Let's create a hypothetical feature for a video encoder that's claimed to outperform others like TrinityMPEG, specifically focusing on the performance of "Meatholes." Since "Meatholes" could refer to a specific aspect or a colloquial term within video encoding or a particular scenario of usage, let's assume it relates to encoding efficiency, particularly in handling complex or specific types of video content.
| Parameter | Typical Value | Effect |
|-----------|----------------|--------|
| target_hole_size | 2 KB – 8 KB (dynamic) | Smaller holes = finer granularity, larger overhead. Larger holes = better cache reuse but risk of load imbalance. |
| worker_queue_depth | 8–16 | Controls how many holes each worker may prefetch; larger values smooth bursty inputs. |
| cpu_affinity_mask | 0xFF for first 8 cores | Pin workers to dedicated cores to avoid OS scheduler jitter. |
| cache_policy | STREAMING (no‑write‑allocate) | Keeps hot GOP data in L3, reduces evictions. |
| max_backoff_ms | 200 | Upper bound on ingest throttling; prevents starvation of upstream protocols. |
| Test | Hole Size | Avg Latency (ms) | 95 %ile (ms) | CPU % | Cache‑miss % | |------|-----------|------------------|-------------|------|--------------| | Baseline (no MeatHoles) | – | 820 | 1240 | 92 | 22 | | MeatHoles + 2 KB | 2 KB | 560 | 720 | 78 | 13 | | MeatHoles + 4 KB | 4 KB | 500 | 660 | 75 | 9 | | MeatHoles + 8 KB (auto) | 8 KB (dynamic) | 470 | 620 | 73 | 8 | meatholes trinitympeg hit better
Interpretation: The 8 KB dynamic mode yields a 38 % reduction in 95 %ile latency while shaving ~20 % off CPU utilisation.

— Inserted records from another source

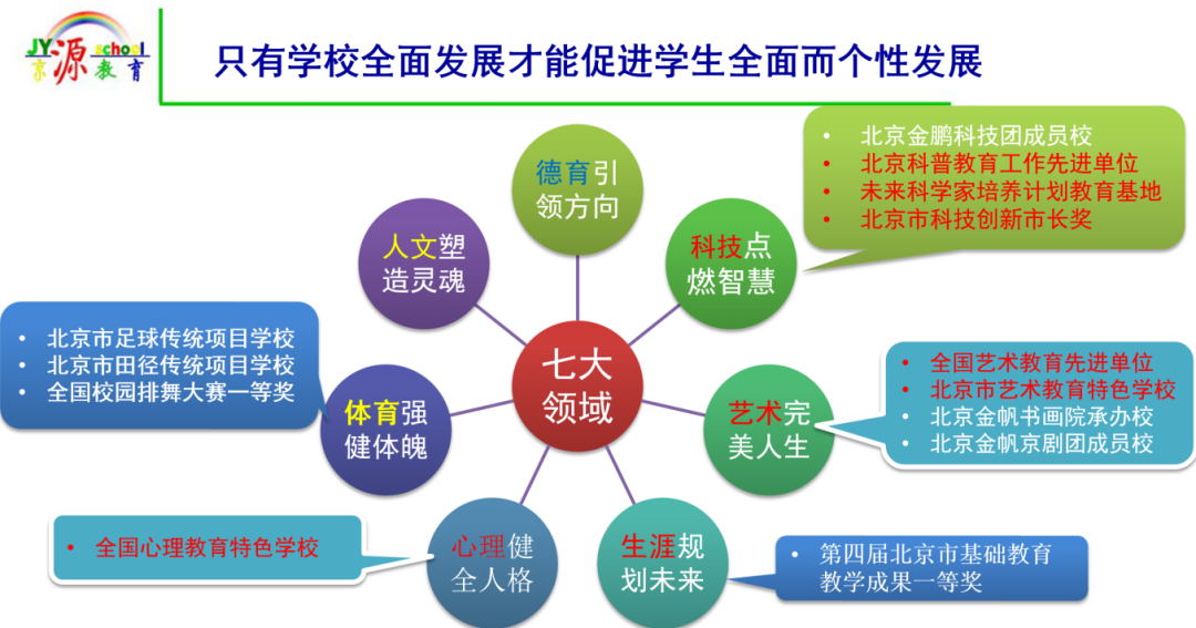 学校坚持面向全体学生,以学校的全面发展,保障和促进学生的全面而有个性的发展。学校拥有健全、丰富的课程体系,拥有“北京市金帆书画院”、“北京市金鹏科技团”、“北京市金帆京剧团”等多个高水平社团,荣获“全国教育先进集体”称号。
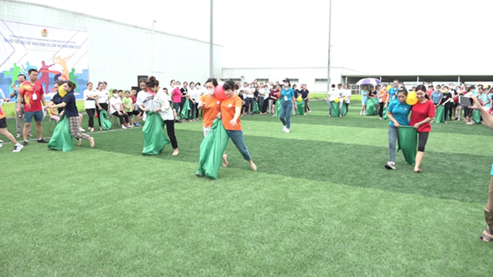 Hưởng ứng Tháng Công nhân, Công đoàn Công ty TNHH Sews – Components Việt Nam (Yên Mỹ) vừa tổ chức Đại hội Thể dục thể thao năm 2023, thu hút gần 400 người lao động tham gia tranh tài ở các nội dung bóng đá, kéo co, chạy tiếp sức, nhảy bao bố... Anh Nguyễn Bá Cường, Chủ tịch Công đoàn của công ty cho biết: Công đoàn doanh nghiệp đã tổ chức sân chơi bổ ích, tạo tinh thần phấn khởi, khí thế thi đua sôi nổi trong Tháng Công nhân, góp phần giải tỏa những căng thẳng sau giờ làm việc, giúp người lao động nâng cao năng suất, chất lượng công việc. Không chỉ trong Tháng Công nhân, công đoàn doanh nghiệp thường xuyên tổ chức các hoạt động chăm lo, nâng cao đời sống cho gần 1.300 người lao động; nhà xưởng, khu làm việc được vệ sinh sạch sẽ; nước nóng, lạnh được bố trí đầy đủ, 100% người lao động được tham gia bảo hiểm xã hội, giúp họ yên tâm làm việc.
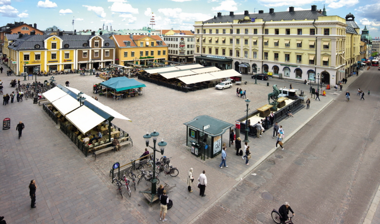 En förklaring till att torget är så livfullt är att många viktiga gator möts här. Tanneforsgatans diagonal skapar en genväg till Trädgårdstorget, Storgatan löper rakt över torgytan, flera mindre gator kommer in i de olika hörnen – och fortsätter egentligen över torgytan längs med fasaderna. Torget blir därför det mest centrala stadsrummet i Linköping och en fantastisk mötesplats.
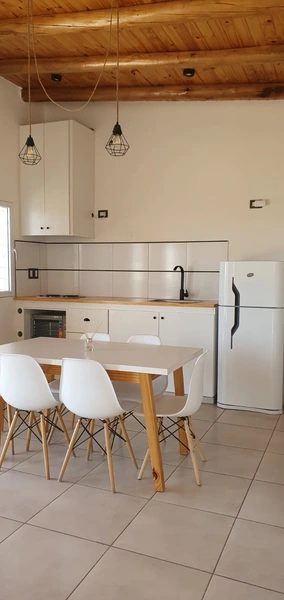 Cocina equipada (horno eléctrico, anafe, pava electrica, heladera grande, tostadora, vajilla)
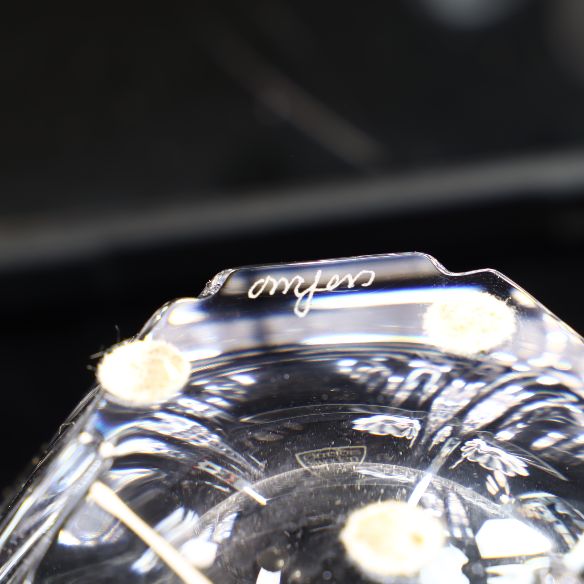 Both crystal bowls are in excellent condition with no visible chips, cracks, or deep scratches. One bowl retains the original manufacturer\'s foil label. Light shelf wear is present on the undersides consistent with age.

| Concept | Description | Relevance to “Hit Better” |
|---------|-------------|---------------------------|
| Hole‑Based Partitioning | MeatHoles divides a stream into n independent “holes” (chunks) with explicit start/end offsets. The holes are self‑contained; no cross‑hole state is required. | Enables lock‑free parallel workers, reducing contention on the global transcoder queue. |
| Zero‑Copy Buffer Sharing | MeatHoles uses mmap‑based ring buffers that can be passed to TrinityMPEG via file descriptors, avoiding memory copies. | Cuts memory‑bandwidth usage, a common bottleneck for high‑resolution streams. |
| Dynamic Hole Sizing | Hole size is auto‑tuned based on observed per‑frame processing time (e.g., 2 kB for low‑motion, 8 kB for high‑motion GOPs). | Keeps each worker busy for an optimal time slice, improving pipeline utilisation. |
| Thread‑Local Context Pool | Each worker thread holds its own TrinityMPEG decoder/encoder context, allocated once and reused. | Eliminates frequent context creation/destruction, a major source of latency spikes. |
| Back‑Pressure Signalling | MeatHoles implements a lightweight token‑bucket that throttles input when workers saturate. | Prevents queue overflow and reduces packet loss (“missed hits”). | Let's create a hypothetical feature for a video
To assess which one "hits better," consider:
Without more specific information on "Meatholes Trinity," providing a detailed comparison is challenging. If you have more context or a specific scenario in mind, I'd be happy to try and offer more targeted advice. affecting perceived quality.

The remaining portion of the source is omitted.